ECARUKAMPALA, MARCH 10- Qalaa Holdings solid waste recycling subsidiary ECARU, has signed a US$ 50 million contract with Ethiopian cement maker Messebo that could potentially shift the cost dynamics of cement manufacture in the region. ECARU will supply a system that will convert 100,000 tons of biomass annually into energy to fire Messebo’s kilns.

The biomass will gradually replace coal in the production process bringing significant cost savings. According to the agreement ECARU will be a technology and service provider responsible for collecting, transporting and processing local Biomass into an environmentally friendly alternative solid fuel.

“Biomass is a renewable, carbon neutral energy source that comes from agricultural residues that would otherwise be openly burned. This waste to energy solution for heavy industries such as cement manufacturing is beneficial on multiple fronts. It helps nations solve their Biomass challenges, it reduces emissions that come from burning fossil fuels such as fuel oil, natural gas and coal, and it is a more cost-efficient and sustainable source of energy,” says ECARU Ceo Dr. Hisham Sherif.

ECARU has been supplying alternative Solid fuel, Biomass, as a source of energy to Egypt’s leading cement companies for the past five years.

The contract with Messebo Cement, with a production capacity of 2 million tons of cement per annum, should be of interest to cement makers in East Africa as Ethiopia gradually gets into the regional market through COMESA and the Northern Corridor Integration Projects.

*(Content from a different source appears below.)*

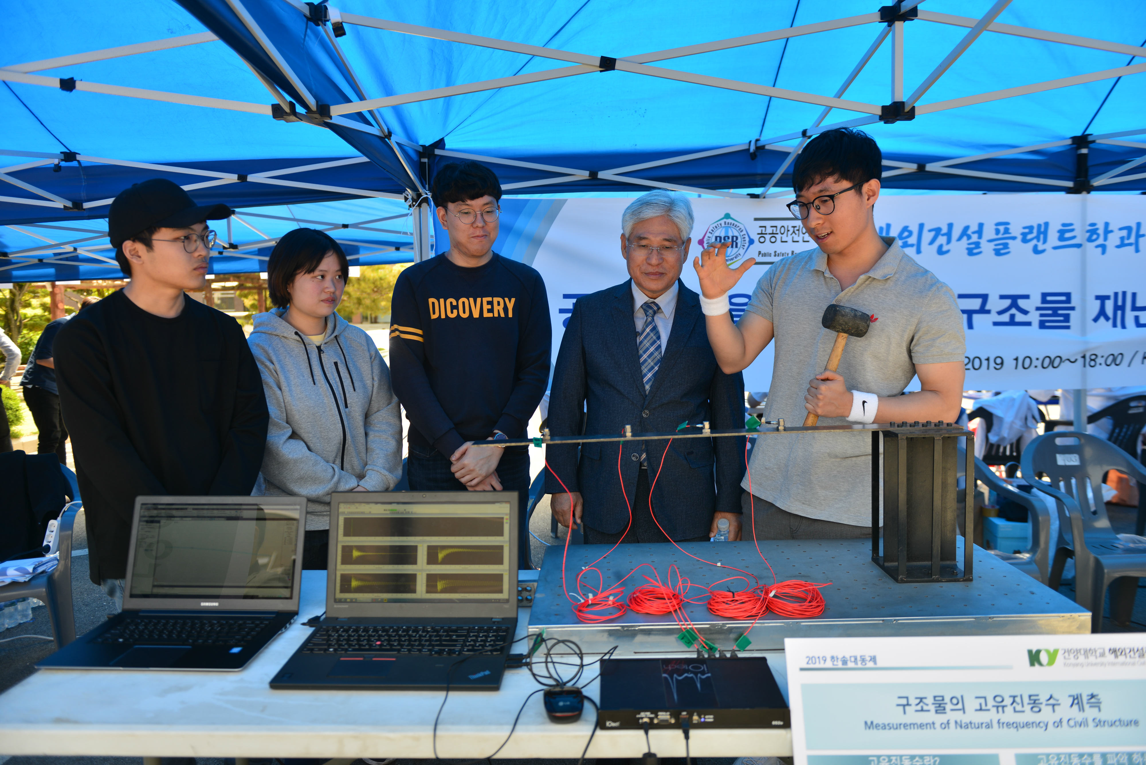 건양대 해외건설플랜트학과, 공공안전연구소 프로그램 참여 성과 전시회 개최 건양대학교(총장 이원묵) 공공안전연구소(소장 허광희)가 8일부터 9일까지 이틀간 진행되는 건양대학교 한솔대동제에서 ‘공공안전을 위한 건설구조물 재난예방기술 홍보 전시회’를 개최했다. 공공안전연구소 연구원과 건양대 해외건설플랜트학과 재학생 등 60여명이 함께 참여한 이번 전시회는 ‘구조물의 고유진동수 계측장비’, ‘사장교 진동제어 장치’ 등 공학전공지식이 공공안전 분야에 적용돼 재난을 예방하는 사례를 비전공 재학생 및 일반인이 알기 쉽게 소개함으로써 공공안전에 관심을 갖도록 기획됐다. 특히 공공안전연구소 인력양성 프로그램에 참여한 학생들이 본인들이 진행한 전공동아리 활동과 캡스톤디자인 등 각종 경진대회에 참가하면서 갈고닦은 지식을 실제 우리 사회의 공공안전에 적용하고 활용하는 사례를 적극 소개하는 시간을 가졌다. 이번 전시회에 참여해 실제 공공안전기술을 시연한 참가 학생들은 “공학전공지식이 건설 분야와 접목되어 공공안전에 기여하는 사례를 소개할 수 있는 기회를 갖게 되어 보람 있었다”며 “큰 인명피해를 불러올 수 있는 대형재난이 사전에 잘 대처하면 충분히 예방할 수 있다는 것을 앞으로도 꾸준히 알려나갈 것”이라고 밝혔다. 한편 2018년 교육부와 한국연구재단이 주관하는 ‘이공분야 대학 중점 연구소 지원사업’에 선정된 건양대 공공안전연구소는 9년간 약 57억원을 지원받아 재난안전에 관한 연구를 수행하며 공공안전에 기여할 인력양성 및 기술개발을 진행하고 있다.

As Addis moves to lower energy costs for its manufacturers, Ugandan cement makers are still dependent on furnace oil and expensive electricity in their production processes. Ethiopia has gone a step further to lower tariffs for industrial power to less than 6 cents for a kilowatt hour.

Analysts have warned that short of reciprocation for their manufacturers through matching tariffs, East African countries face the prospect of a massive desertion by investors or alternatively, struggling enterprises against cheaper imports from integrated markets.